This comment was generated by Glime.

MaxBrooks114 commented 1 month ago

The suspended state is unrelated. However the duplicate triggering still happens, unknown why.

yutao815 commented 1 month ago

Same problem.I test it by Elsa.Samples.AspNet.Heartbeats.

sfmskywalker commented 1 month ago

@MaxBrooks114 @yutao815 Can you try with the latest 3.2.0-preview packages to see if the issue still exists?
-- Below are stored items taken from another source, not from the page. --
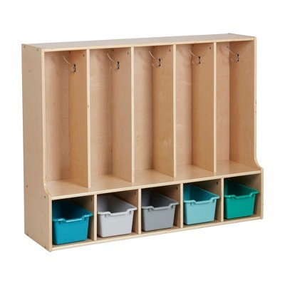 ECR4Kids 5-Section Coat Locker and Scoop Front Storage Bins, Natural
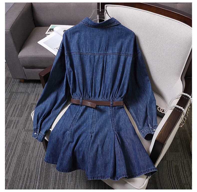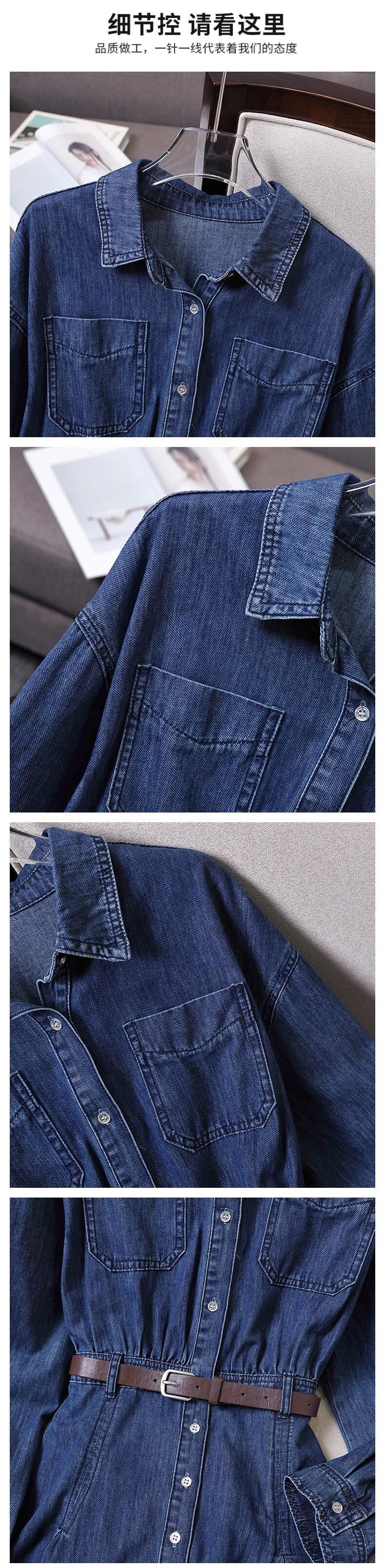 プラスサイズの婦人服 2023 ファットシスター春の新ファッション年齢減少ウエスト痩身長袖デニムシャツドレス ロング 大きめサイズ スプリング 春物 8884196461517750
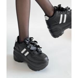スニーカー 軽量厚底 スタイルアップソール メニーリボン ライン スニーカー2476 レディース
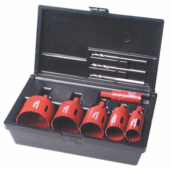 Electricians Hole Saw Kit, Arbor Design Built-In, Tooth Material Bi-Metal, Teeth per Inch 5, Max. Cutting Depth 1 1/2 in, Impact Rated No, Shank Size 7/16 in Hex, Pilot Drill Size 1/4 in dia x 4 5/16 in L, Number of Pieces 9
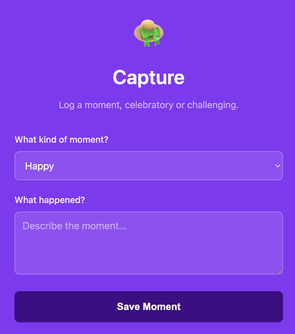 - Conversation-driven moment capture (no structured forms)
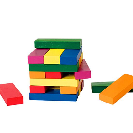 カラフルな積み木を積み上げて、1ピースずつ抜いて遊ぶタワーブリック。
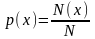 , представляющего собой отношение числа случаев n(x), при которых имело место событие к общему числу событий n:
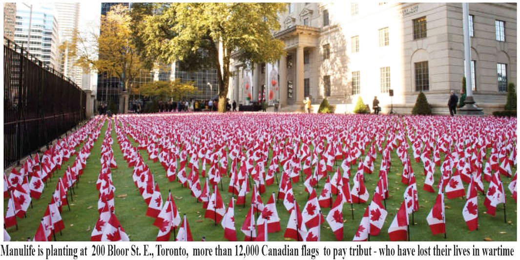 11/4/2025, Veterans’ Week and Remembrance Day - For the eleventh consecutive year, Manulife ( 200 Bloor St. E., Toronto, ) is planting more than 12,000 Canadian flags Săptămâna Veteranilor - rememorează sfârșitul ostilităților din Primul Război Mondial, în 1918.
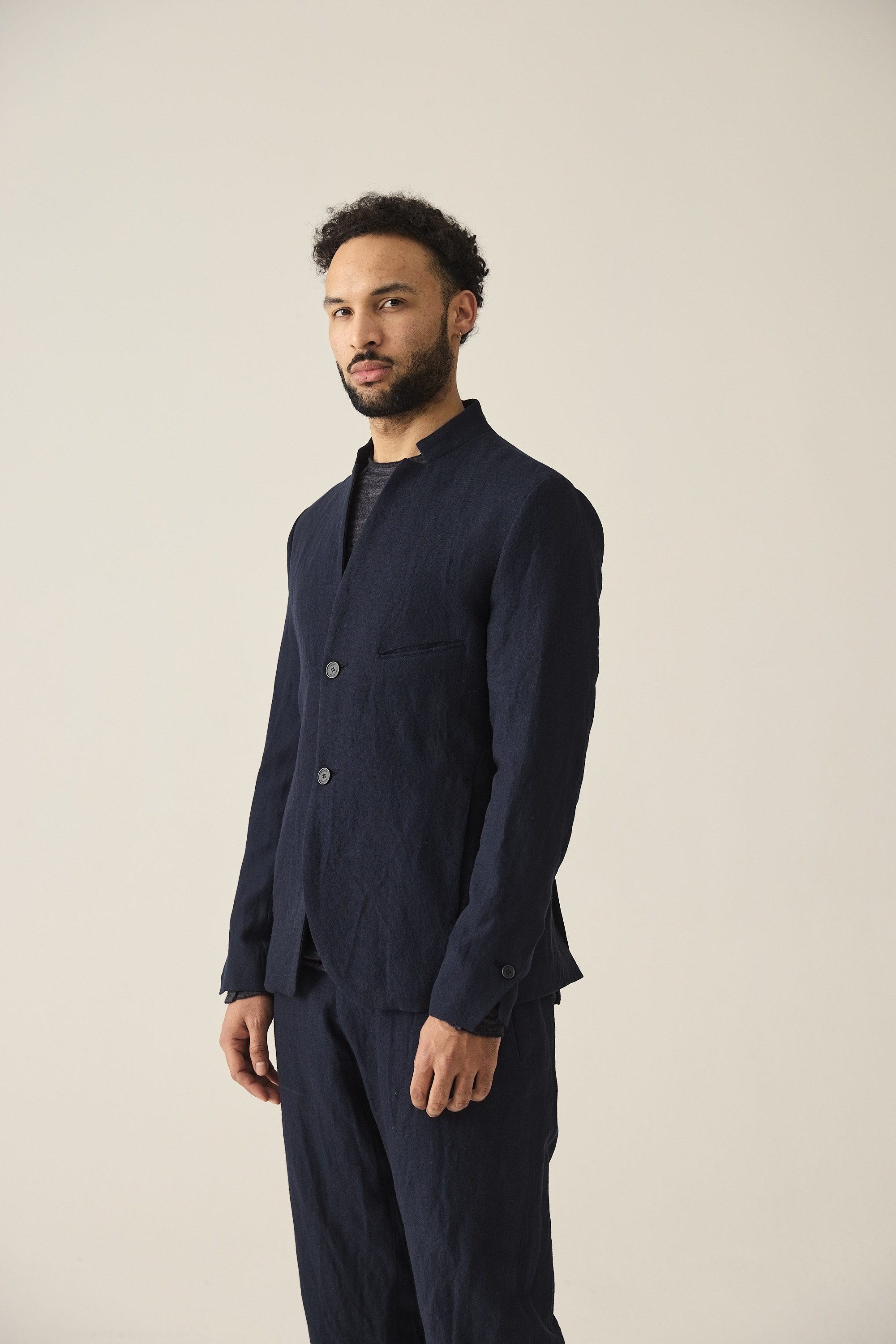 Gefüttertes Zweiknopf-Sakko mit Stehkragen.

sfmskywalker commented 1 month ago

I just tried to reproduce this issue, but it works without issue. I will close this as unreproducible, but if you can reproduce the issue with the latest preview packages in a sample project, then please feel free to attach a zip file and I'll check it out. Thank you.

MaxBrooks114 commented 1 month ago

@sfmskywalker I can confirm this bug still happens for me on preview version 3.2.0-sonar-cloud.1502. I will try to reproduce with a sample project when i have time

sfmskywalker commented 1 month ago

3.2.0-sonar-cloud.1502 Is quite an old build. You might want to try 3.2.0-preview.xxx.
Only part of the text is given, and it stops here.